For those interested, well known pharma blog, Pharmalot has a good review of the US invalidity decision, as also a link to the text. The decision is interesting for several reasons:
1. This is not a classic ever-greening case and the drug compound (a carboxy nucleoside analog) is not a mere new form of a known compound. Rather, it is a new compound altogether and was approved by the FDA as an NCE (new chemical entity). To this extent, section 3(d) of the Indian Patents Act will not apply directly to this case.
2. The US court applied a rigorous obviousness standard and held that although this may be a new compound, it fails the obviousness test since it was essentially an obvious modification of an existing natural compound. The two part analysis can be summarised as below:
i) it would have been obvious to a person skilled in the art to work with the closest known prior art compound (a naturally-occurring nucleoside commonly referred to as "2-CDG") with known anti viral properties.
ii) it would then been obvious to modify the existing compound (2-CDG) by substituting the oxygen atom with a carbon carbon double bond at the sugar portion. A skilled person would have a reasonable expectation that this modification would yield improved antiviral properties.
In other words, although the drug is based on a new compound, the said compound is not patentable, since it was obtained by modifying a known natural substance in a "stock in trade" manner.
The judgment which runs into 170 pages is a wonderful read, with a delightful interspersing of snippets of the cross examination. Sample this:
Tevas counsel: Now, you would agree that if you are looking for conservative changes that could be made, one place you would look at is the periodic table, is that right?
Dr Schneller (BMS’ key expert witness): Well, you almost have to, because all molecules are made from elements that are on that periodic table. So there no magic lamp someplace that’s going to come up with new ideas.
Tevas’ counsel: And the periodic table…it’s the chemists’ stock in trade?
Dr Schneller: Yes, sir
An "Alien" Patent Standard in India?
This decision helps dislodge the now prevalent presumption that the US almost always reflects “low” patent standards. As this case demonstrates (much like its earlier predecessor Pfizer vs Apotex), US courts do apply a rigororous patentability threshold from time to time.
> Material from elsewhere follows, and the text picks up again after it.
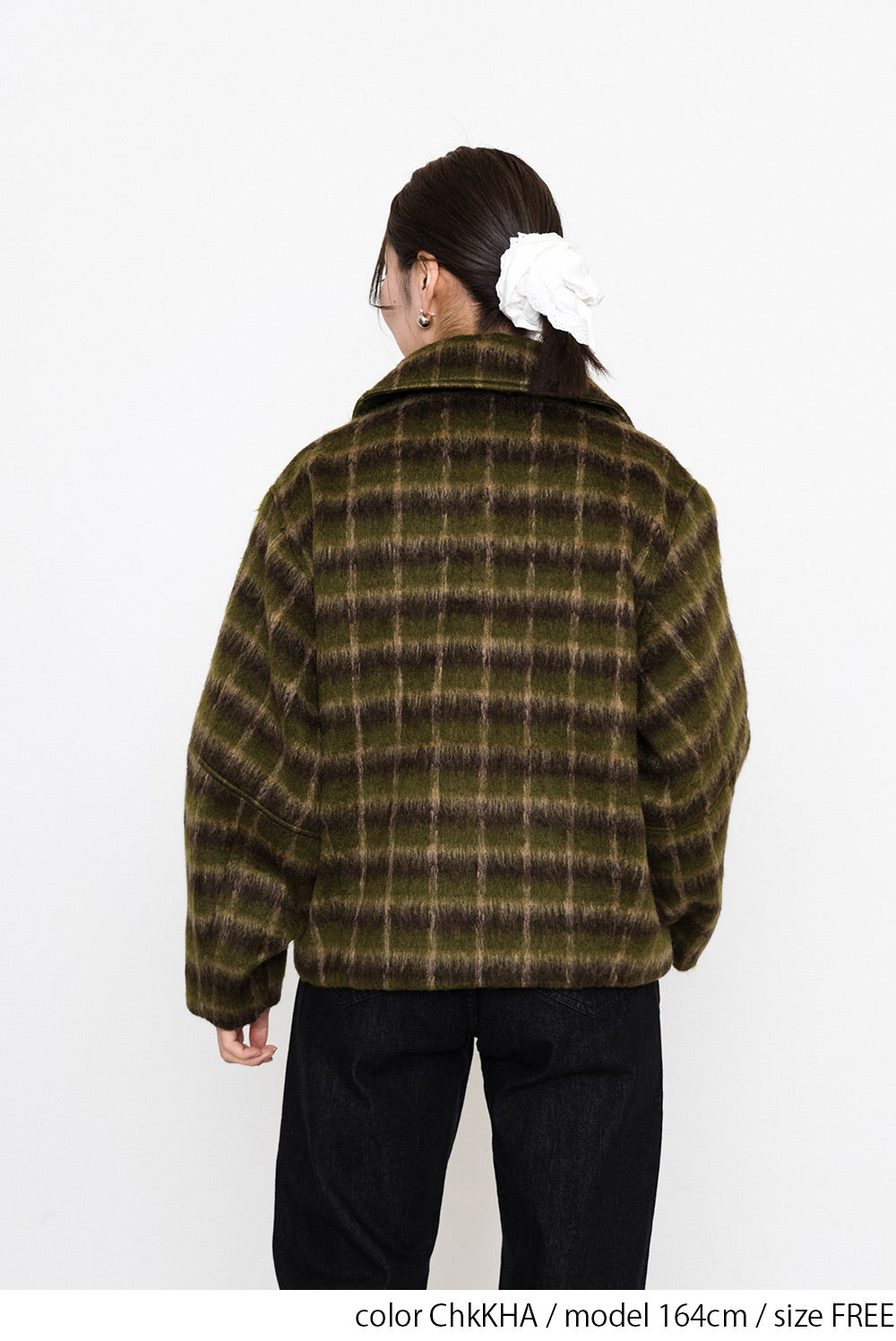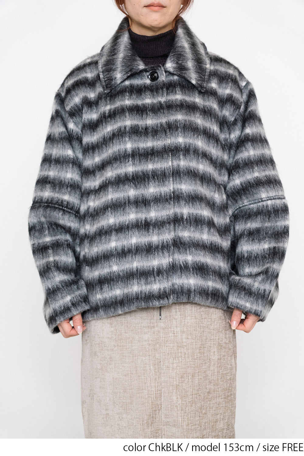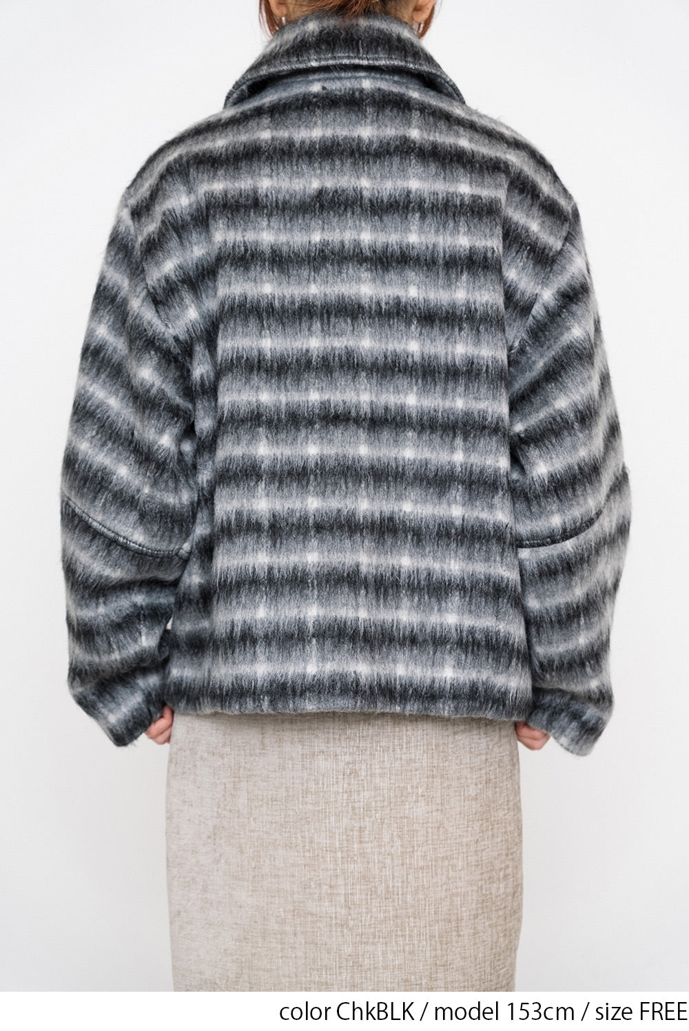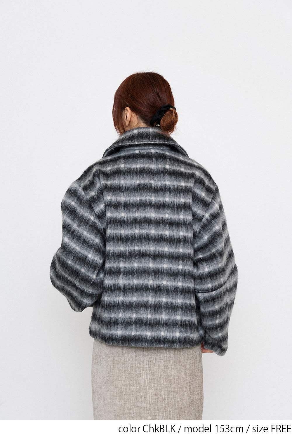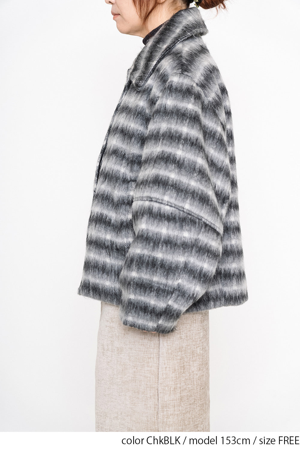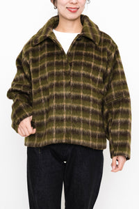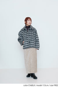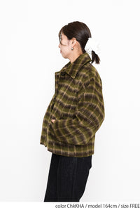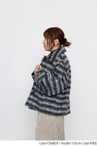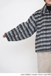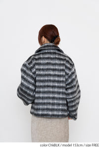 ふんわりとしたチェックシャギー素材が目を惹く、コクーンスリーブジャケット。

And to this extent, one might actually find that the ostensibly high Indian standards are actually not all that “alien”.
Of course, this is a district court decision and will certainly be appealed to the CAFC (Court of Appeals for the Federal Circuit), reputed to be more "patent friendly".
One is not certain of the fate of the secondary patent in India. However, one might hazard a guess that, in the light of the "therapeutic efficacy" standard under section 3(d) that now informs most Indian decisions (unless the Supremes alter it in the much awaited Novartis Glivec ruling), BMS' claim to an improved "dosage" regimen is extremely vulnerable.